Primero vamos a tamizar la harina: mira, gira este bote y sacúdelo con golpecitos por arriba ¿ves? Es como si cayesen copos de nieve desde el cielo, suaves, ligeros hasta el bol. Verlos da fresquito.

Ahora casco dos huevos, pon las manos en cuenco, así, te los voy a pasar. Eso es, ya los tienes, quizá no lo sepas pero eso redondo y amarillo es como el sol, es la vida. Ahora los echas sobre el llano de nieve de la harina y hará un ruido sordo: puff. Se levantará un ligero polvo como si un hombre hubiera pisado la luna por primera vez (si es que esto ocurrió).

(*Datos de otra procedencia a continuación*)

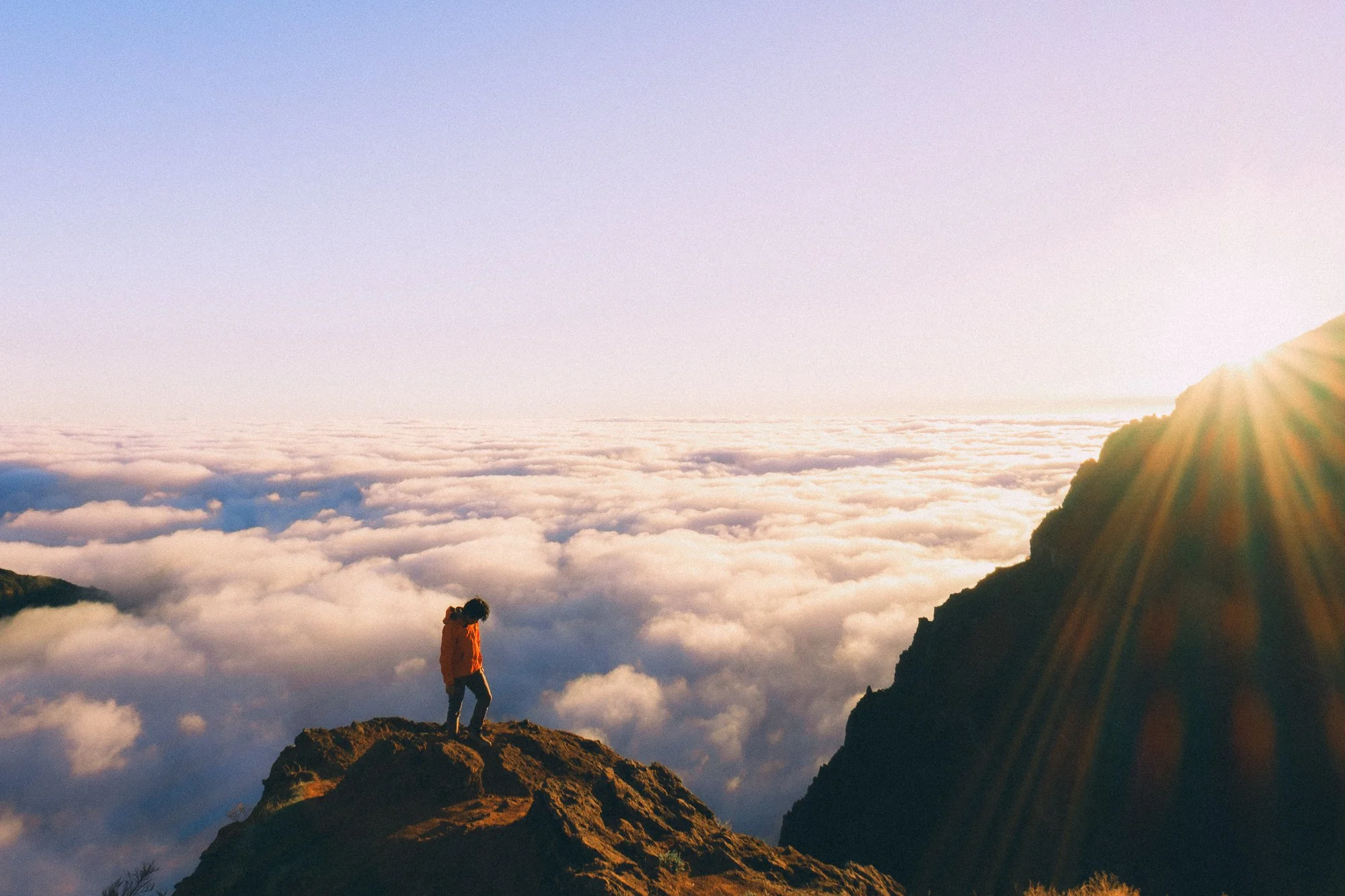 A person in an orange jacket standing on a mountain peak above clouds at sunrise or sunset with sun rays shining over the horizon.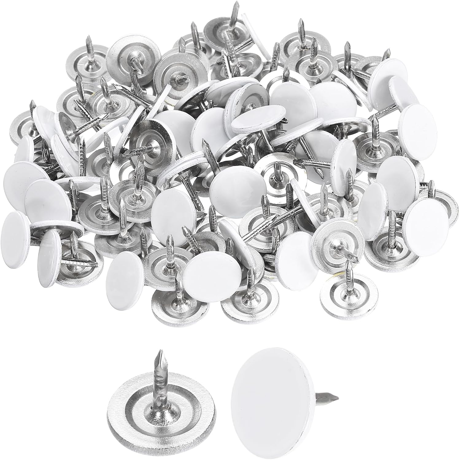 uxcell 100Pcs Upholstery Tacks, 11mmx10mm Flat Head Thumb Tack Decorative Furniture Nails Push Pins for Furniture Sofa Headboards, White

El suelo de la luna es de harina, por si no lo sabías.

Ponle algo de bicarbonato (el bicarbonato suena a cosa de astronautas y boticarios; a bata blanca).

Lo movemos todo. Llevamos un montón de tiempo moviéndolo todo por alguna razón e incluso sin razón.

Ponle mantequilla al molde, abajo y por los lados, hunde las uñas en la mantequilla, no temas, yo te las lameré después y besaré tus diez dedos sagrados.

Mezcla más mantequilla con chocolate en el microondas, ese cacharro retro futurista que está en todos los pisos de alquiler piratas y aquí también.

Reúnelo todo, ponlo en el molde, mételo en el horno. Antes calienta el horno un rato (como dicen que se hace en los bares o en la cola de los tickects de la verbena).

Siéntate en cuclillas y mira la puerta del horno. Es una pantalla. Salen cosas ahí, pasan cosas. Espera un rato, media hora, tal vez un poco más. Disfruta de la pantalla.

Oirás un click o un tilk. Ya está.

Saca el pastel. Vuélcalo sobre una bandeja con la ayuda de un cuchillo (deja ya para siempre la ayuda de los cuchillos).

Déjalo enfriar.

Cuando esté frío, arroja el pastel a la basura.

Papá no va a volver.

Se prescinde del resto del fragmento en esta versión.